|Year : 2020 | Volume
| Issue : 5 | Page : 1224--1225
Approach to a Patient with Stroke After Flying
Nazim Ata1, Erdem Cevık2,
1 Aeromedical Research and Training Center, Eskisehir, Turkey
2 Van Military Hospital, Van, Turkey
Dr. Nazim Ata
USAEM Baskanligi, Eski Hava Hastanesi, Odunpazari, Eskisehir
Arriving at a definitive diagnosis in case of a patient with neurological symptoms after a low altitude flight is very critical, while at the same time presenting a dilemma in aeromedical decision making. Symptoms of stroke can closely mimic those of neurologic manifestations of decompression sickness. This paper discusses the approach to a case of a 28-year-old male helicopter passenger who developed left-sided numbness of the body after a 1.5 h flight at 13,000 feet altitude and was hospitalized with the diagnosis of transient ischemic attack.
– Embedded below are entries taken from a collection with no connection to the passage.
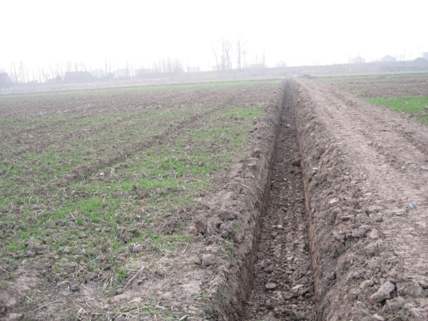 图一为油菜地沟渠施工场面 图二:昔日闲田 今日麦田
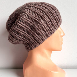 Czapka wywijana zrobiona ręcznie na drutach KIARA 100% Alpaka 501 Jasny Szary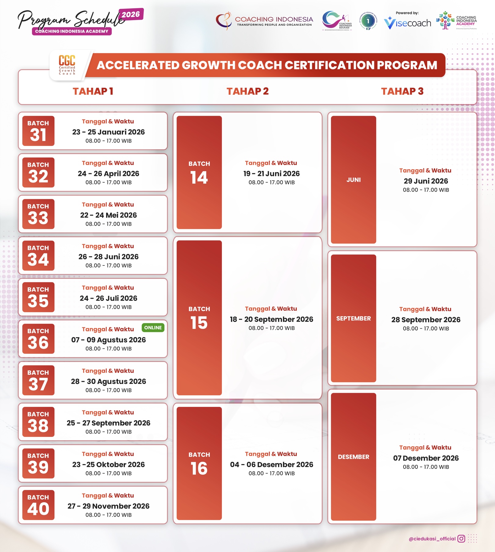 Program Accelerated Growth Coach Certification ini sangat bermanfaat untuk diterapkan baik di area kehidupan personal maupun profesional.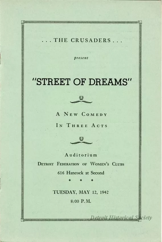 Program booklet for a production of "Street of Dreams," presented by The Crusaders at the Detroit Federation of Women's Clubs Auditorium, on May 12, 1945; cover: green with black text; information on the cast, scenes, and advertisements contained within.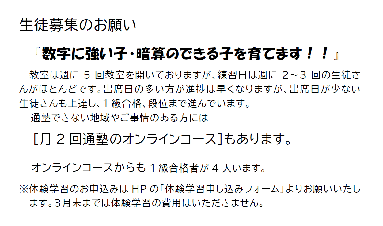 そろばん体験学習を受け付けていますので、お気軽にお越しください!体験学習についてはこちら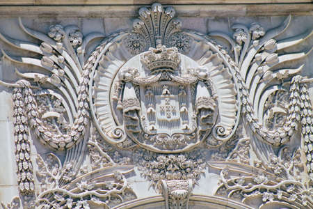 Stone bas-reliefs above the front door. Arms from different regions of Spain, in the Spanish village - Poble Espanyol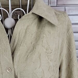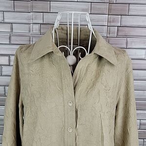 100% polyester crinkled texture soft button-down shirt by Christopher and Banks collared with cuffed button sleeves and a scalloped hemline. Great pre-owned condition.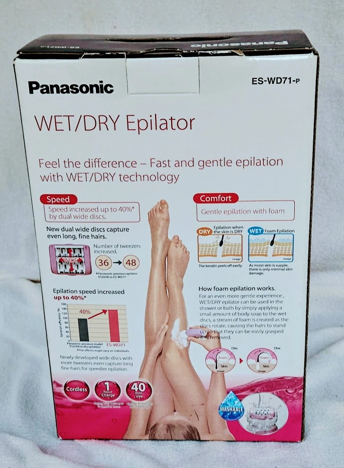 This Panasonic ES-WD51-P Ladies Wet/Dry Epiglide Epilator is new and its in mint manufactured sealed.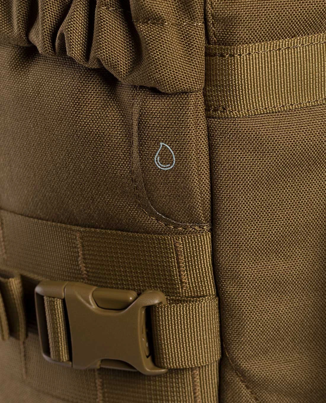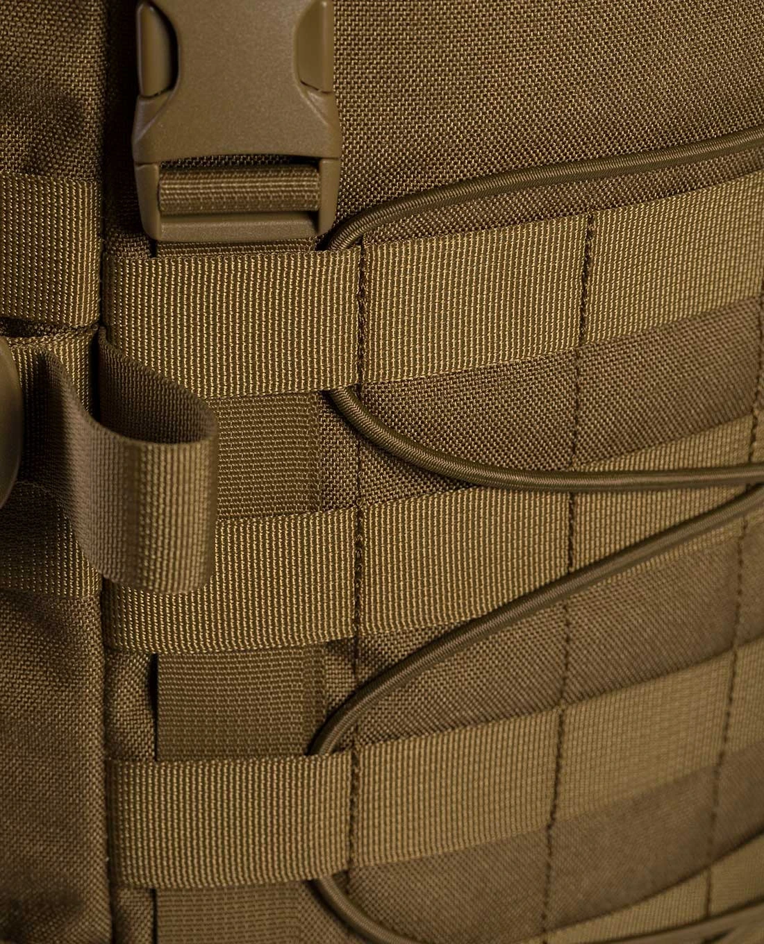 Für die notwendige Versatilität und Individualisierbarkeit sorgt das selbstverständliche M.O.L.L.E. System, an dem Taschen und Zubehör beliebig befestigt werden können. Auch im Inneren ist das taktische Setup auf den Punkt gebracht: Ein Einsteckfach für eine Trinkblase mit einem Ausgang zu den Seiten sowie eine Elastikspinne auf der Frontseite für das schnelle Einschieben einer Jacke oder Flasche sind für eine super flexible Nutzung gedacht. Zu beiden Seiten befinden sich Einstecktaschen für einen schnellen Zugriff. Der Deckel erweitert das Hauptfach und kann über einen Reißverschluss zugänglich gemacht werden.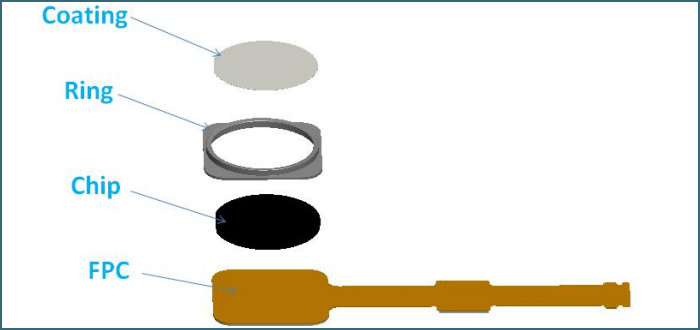 如下圖,為一款典型的按壓式指紋識(shí)別模組及分解圖,一個(gè)完整的指紋識(shí)別模組主要由:Cover、Ring,指紋識(shí)別Chip和承載ChiP的FPC組成。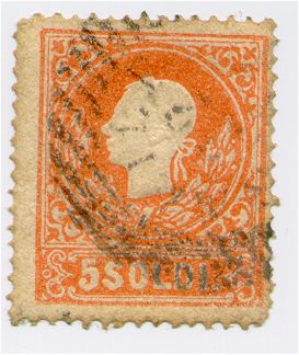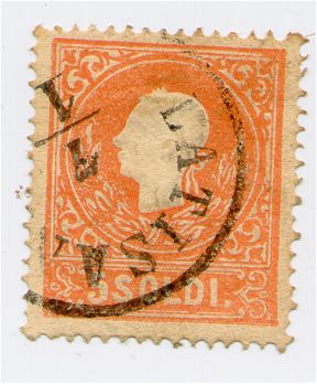 5 soldi instead of 5 Kroner. Actually it is from Lombardy Venetia, 1859-62 2 soldi, type ll, block of 4. (Yv 16) Other pictures here. |
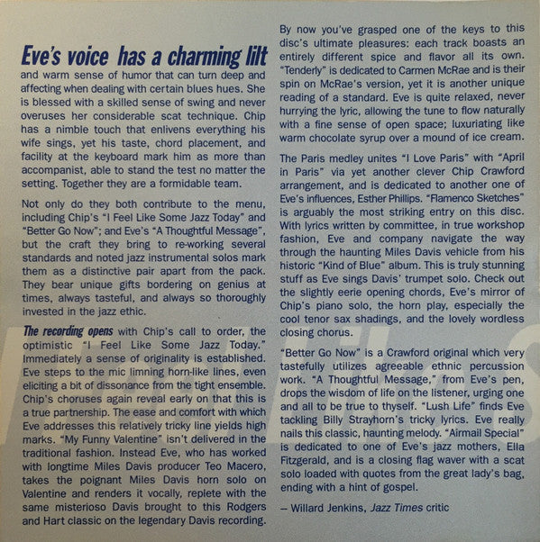 1. I Feel Like Some Jazz Today 7:422. My Funny Valentine 8:383. Tenderly 6:004. I Love Paris/April In Paris 7:455. Flamenco Sketches 6:426. Better Go Now 11:457. A Thoughtful Message 4:008. Lush Life 4:219. Airmail Special 5:24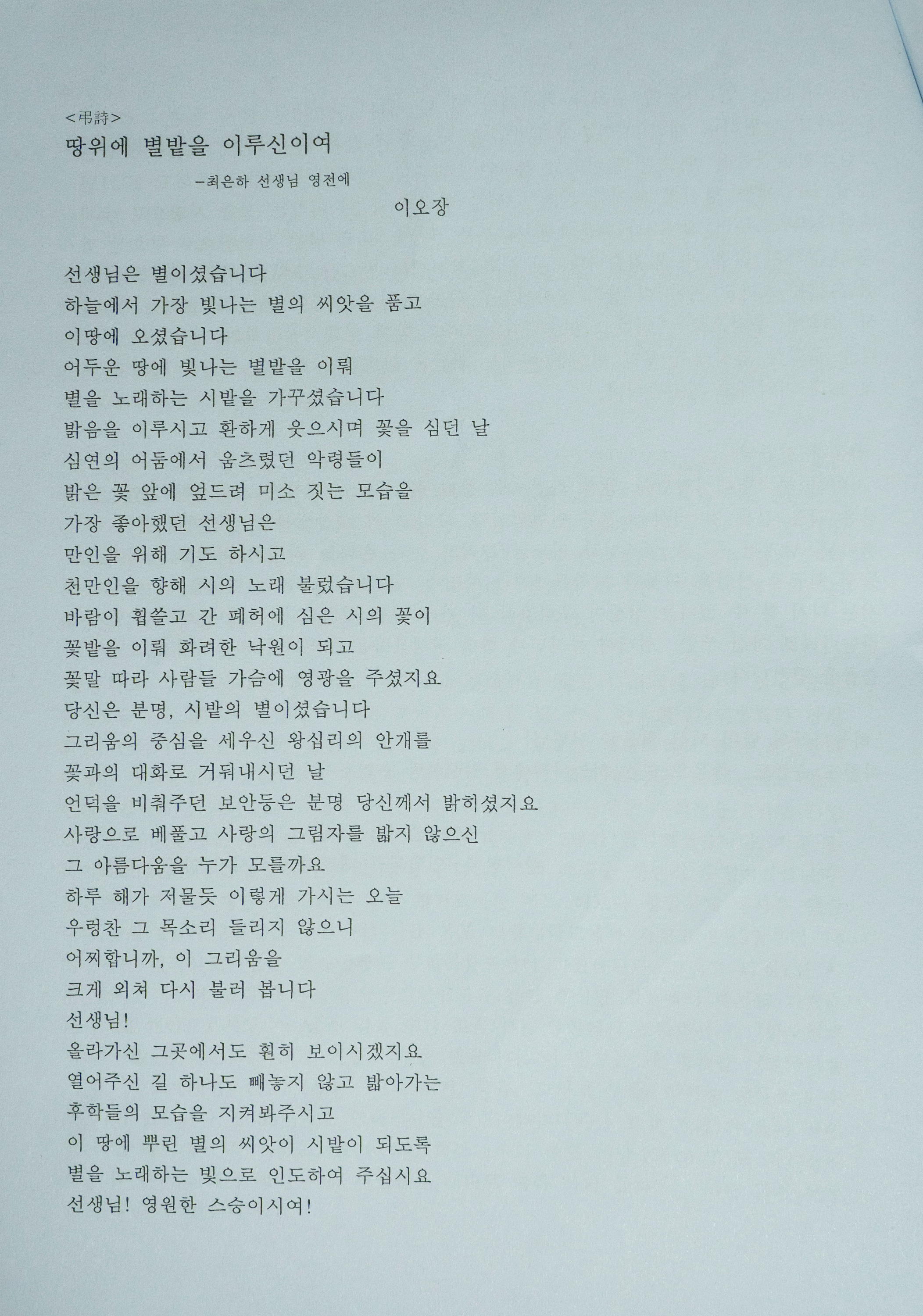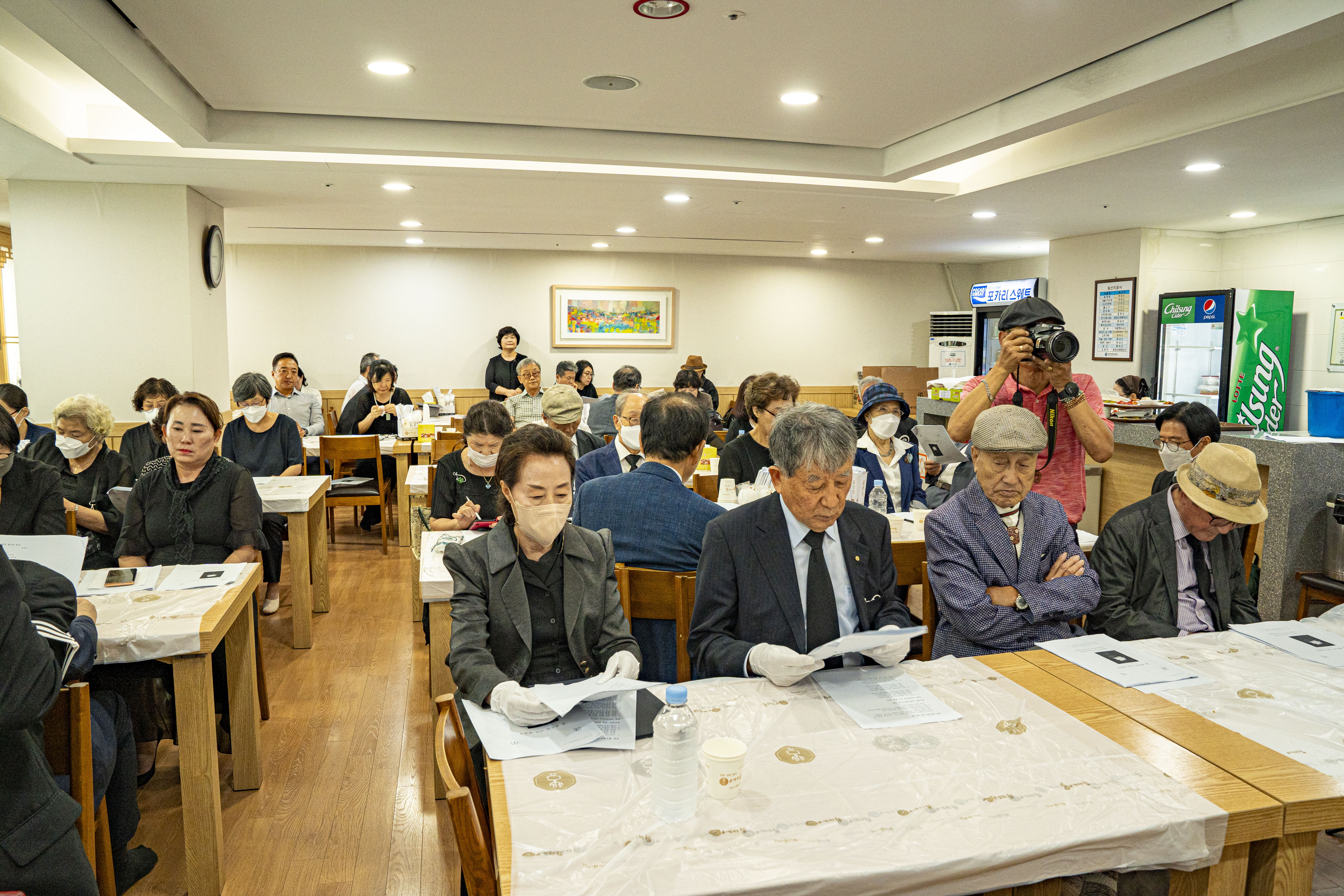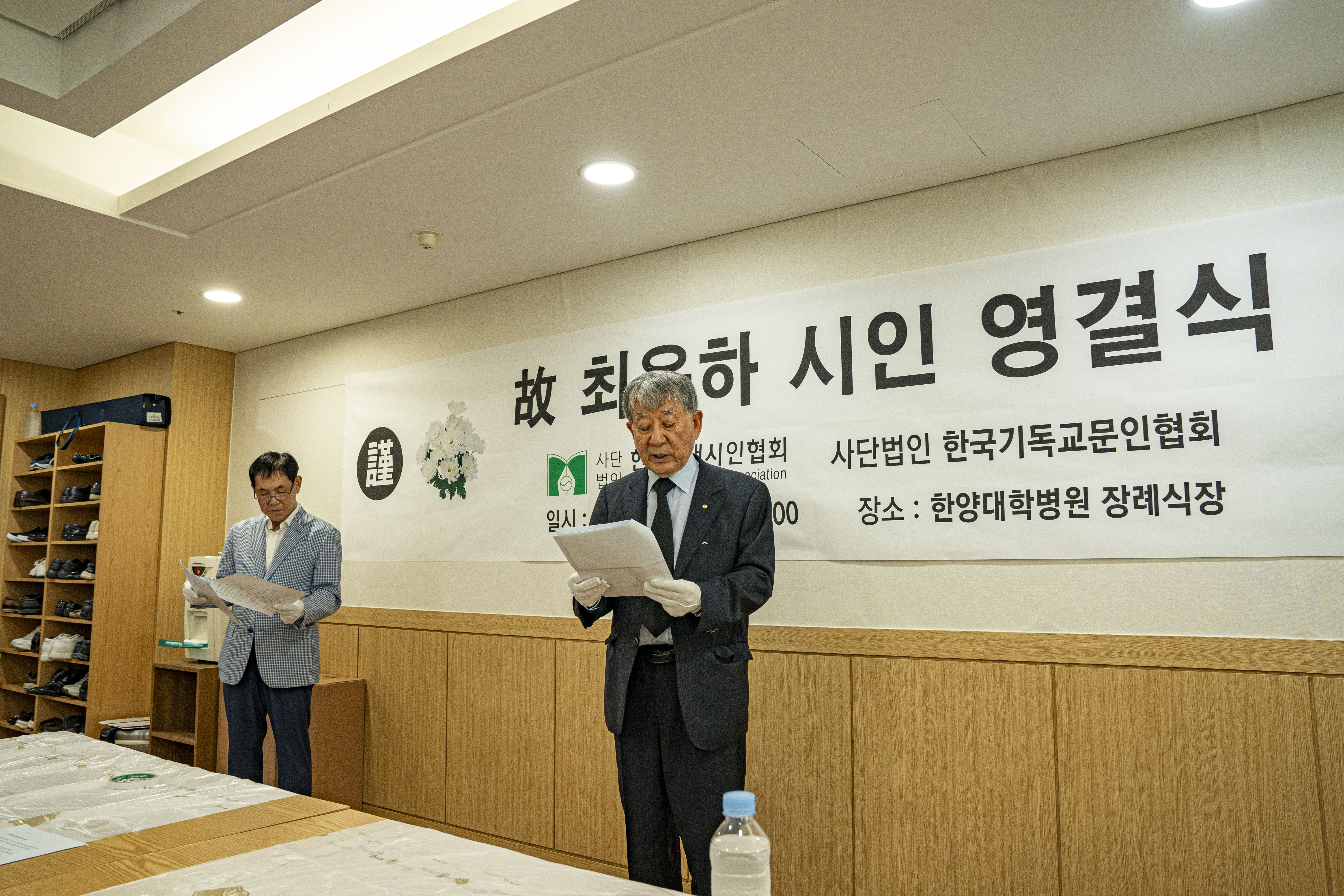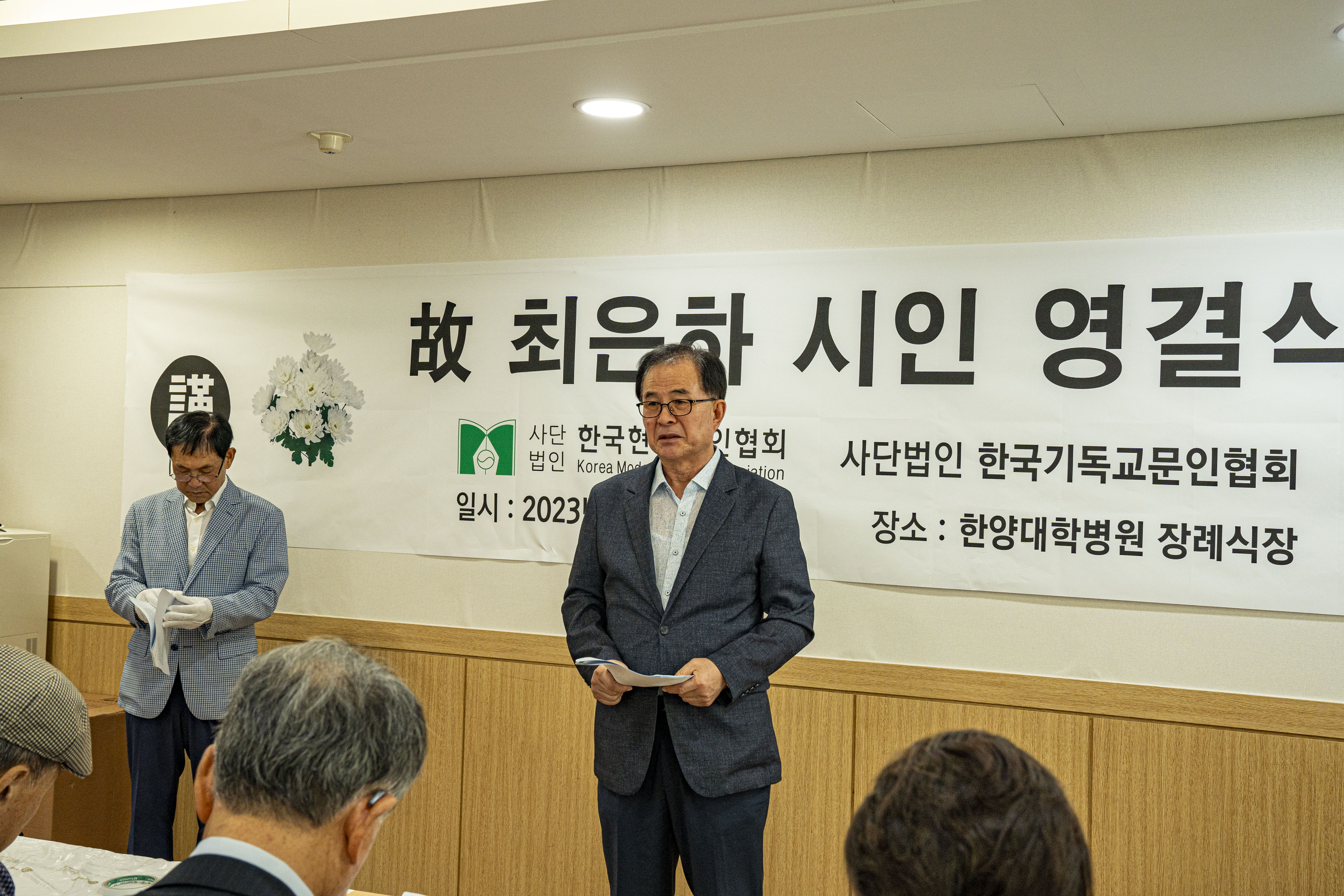 한국현대시인협회 종신평의원으로 시인을 보내는 자리에 여러 후배 문인들이 모여 시인의 작품을 읽으면서 추모한다

|How to cite this article:|
Ata N, Cevık E. Approach to a Patient with Stroke After Flying.Neurol India 2020;68:1224-1225
|How to cite this URL:|
Ata N, Cevık E. Approach to a Patient with Stroke After Flying. Neurol India [serial online] 2020 [cited 2021 Jan 16 ];68:1224-1225
Available from: https://www.neurologyindia.com/text.asp?2020/68/5/1224/299138
Arterial gas embolism is rare in altitude exposure. Cerebral symptoms occurring after altitude exposure are usually attributed to decompression sickness (DCS). DCS is a relatively rare entity in both military and civil aviation. It is caused by the formation of gas bubbles in blood or body tissues during or after rapid reduction of the ambient pressure. The symptoms of DCS range from mild, such as pain, to serious ones like neurological manifestations. Altitude-induced DCS is usually seen at altitudes in excess of 18,000 feet as a consequence of loss of cabin pressure. DCS may also be encountered in some nonpressurized aircraft that are approved for flight above 20,000 feet. Rarely, some individuals can develop this problem at lower altitudes. Usually, there are one or more risk factors for DCS in these rare cases. Vascular obstruction causing stroke-like signs and symptoms can also mimic the neurological manifestations of DCS. Hence, diagnosis of altitude-induced neurological DCS can pose a challenge, since it can be easily confused with other stroke etiologies. Signs of deep vein thrombosis (DVT) on Doppler ultrasonography or a right to left shunt on echocardiography support the transient ischemic attack (TIA) diagnosis. History of exposure to altitude supports the DCS diagnosis. The purpose of this paper is to underline the importance of a methodical approach and definitive diagnosis in a patient who develops symptoms similar to those of stroke after a low-altitude flight.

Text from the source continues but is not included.